(349z) Spatiotemporal Coke Coupling Enhances Para-Xylene Selectivity in Highly Stable MCM-22 Catalysts

Para-xylene is one of the most important aromatic compounds used in the synthesis of various fine chemicals. Toluene alkylation with methanol (TAM) catalyzed by zeolites is an emerging and commercially attractive route to produce p-xylene; however, this process often suffers from low catalyst stability and requires the use of diluents (hydrogen and/or water), low space velocity, and high toluene-to-methanol ratios, which collectively results in low p-xylene yield. Here, we present a study where we have compared the performance of medium pore zeolites for TAM under high pressure conditions (4.2 MPa).

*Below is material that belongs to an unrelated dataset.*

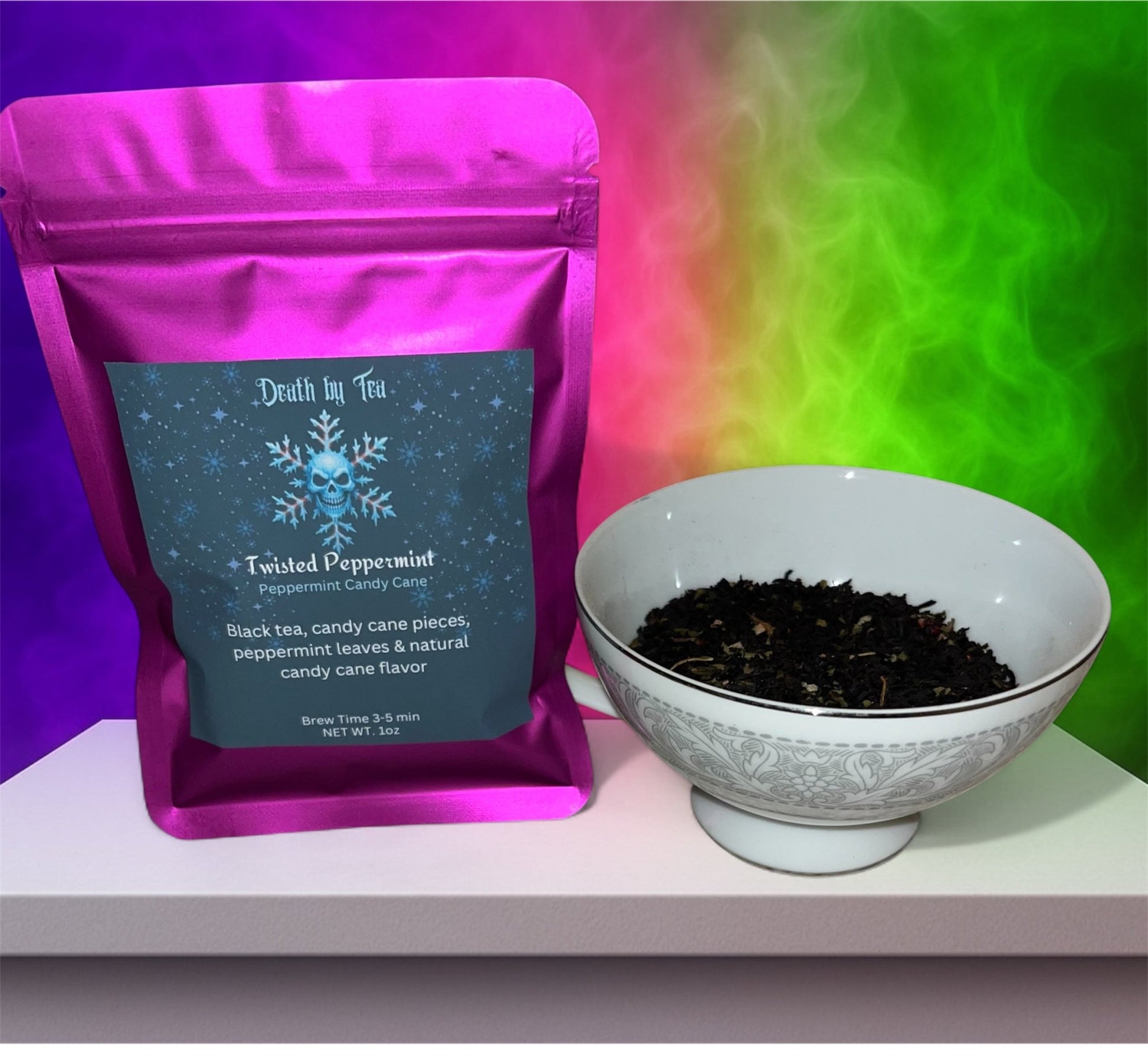 Twisted Peppermint Loose Leaf Tea casts a bewitching spell with its hauntingly sweet aroma of peppermint candy canes.

Our findings reveal that ZSM-23 and TNU-10 deactivate rapidly due to high diffusion limitations and a propensity to form coke within large pores (i.e. supercages, Figure 1a). Alternative structures, ZSM-5, IM-5 and TNU-9, show moderately higher catalyst stability, but experience significant coke build-up in channel intersections. Among the zeolites tested, MCM-22 shows exceptional catalyst lifetime with the highest p-xylene yield reported to date.

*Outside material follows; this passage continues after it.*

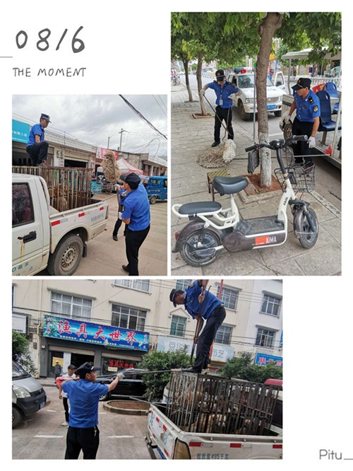 抽调10名执法人员成立流浪犬整治行动专项小组,配备专用车辆及必要工具、设备,集中力量对城区主街道、广场、公园内流浪犬进行拉网式排查和处置,对市民举报的流浪狗进行集中捕捉、管理、饲养。8月份以来,共捕捉流浪犬11只,劝导养犬居民120户,规范街头养犬行为56起。

In this presentation, we will discuss the role of topological features on TAM reactions in these zeolites, based on a combination of catalyst testing, density functional theory (DFT) calculations, and molecular dynamic simulations. Our findings reveal that active sites in external surface pockets of MCM-22 are unselective and their deactivation is necessary to achieve high p-xylene selectivity. We also show that the nature of coke species in supercages greatly influences catalyst performance through a unique pathway that is referred to as spatiotemporal coke coupling (Figure 1b). Overall, this study identifies effective zeolite catalysts for p-xylene production as well as the new insights into the role of coking.